NIH's Clinical Research Policy Analysis and Coordination program (CRpac) seeks to improve conduct of clinical research by clarifying federal research policies and strengthening oversight of research activities. To better coordinate policies for reporting adverse events from multisite trials, CRpac plans to establish an electronic adverse event submission system with a reporting portal that encompasses the federal system.
The underlying question is whether better biomarkers and clinical trial methods will yield new treatments for disease.
Efforts to develop biomarkers for detecting liver damage from drugs, for example, might help Novartis gain market approval for its cyclo-oxygenase-2 (COX-2) inhibitor lumiracoxib.
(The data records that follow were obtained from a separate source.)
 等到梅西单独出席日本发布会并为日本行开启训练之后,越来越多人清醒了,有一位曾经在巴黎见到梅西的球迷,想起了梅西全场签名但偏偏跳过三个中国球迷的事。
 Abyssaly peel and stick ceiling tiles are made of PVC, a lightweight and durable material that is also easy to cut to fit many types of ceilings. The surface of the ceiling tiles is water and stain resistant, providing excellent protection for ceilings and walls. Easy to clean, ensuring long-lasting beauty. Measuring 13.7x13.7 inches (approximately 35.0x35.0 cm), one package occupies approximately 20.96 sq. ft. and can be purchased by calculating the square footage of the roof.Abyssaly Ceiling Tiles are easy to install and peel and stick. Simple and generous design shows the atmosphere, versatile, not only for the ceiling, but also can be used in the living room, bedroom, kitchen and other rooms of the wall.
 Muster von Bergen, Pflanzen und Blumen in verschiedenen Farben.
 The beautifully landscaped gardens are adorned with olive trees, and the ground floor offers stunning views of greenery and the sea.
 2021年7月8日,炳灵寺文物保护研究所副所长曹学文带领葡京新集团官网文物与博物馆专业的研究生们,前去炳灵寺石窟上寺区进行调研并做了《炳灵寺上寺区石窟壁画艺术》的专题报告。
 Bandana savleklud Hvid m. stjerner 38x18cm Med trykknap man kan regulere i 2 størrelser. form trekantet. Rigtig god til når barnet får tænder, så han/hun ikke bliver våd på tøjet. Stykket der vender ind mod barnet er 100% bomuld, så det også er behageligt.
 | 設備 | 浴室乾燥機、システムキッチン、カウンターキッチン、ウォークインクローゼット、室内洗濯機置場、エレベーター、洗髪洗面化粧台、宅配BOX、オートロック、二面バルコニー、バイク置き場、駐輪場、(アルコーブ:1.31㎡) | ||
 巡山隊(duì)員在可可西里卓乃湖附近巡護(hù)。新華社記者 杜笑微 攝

The drug is effective but "has an Achilles heel" of severe hepatotoxicity in certain patients, said Timothy Wright, head of translational science at Novartis, at September's DIA workshop. Last year, FDA rejected the drug, calling for additional safety data, and Wright hopes that identifying a genetic marker for patients most likely to develop liver damage from the drug could lead to clinical trials that would support its approval.
FDA's Analgesic Clinical Trials Project (ACTP) seeks to encourage an R&D focus on novel painkillers by developing new efficacy end points and evaluating innovative designs likely to improve the success rate of clinical studies for these products. Bob Rappaport, director of CDER's Division of Anesthesia, Analgesia and Rheumatology Products, heads an initiative to re-analyze data from a number of failed analgesic trials to assess ways to maintain study sensitivity and to explore high placebo response rates. A broader range of public-private partnerships would expand the scope and funding for the project, enabling it to address analgesic use in preventing chronic postsurgical pain.
Rappaport's group heads a related safety-oriented initiative that is assessing whether children's exposure to sedatives and anesthetics is linked to long-term neurocognitive and behavioral deficits or structural brain changes. The Safety of Key Inhaled and Intravenous Drugs in Pediatrics (SAFEKIDS) partnership has designed a $40 million research program with 12 possible studies to assess long-term developmental outcomes and neurotoxic effects. The aim is to identify tools that all stakeholders can use to develop safer drugs and improve clinical practice.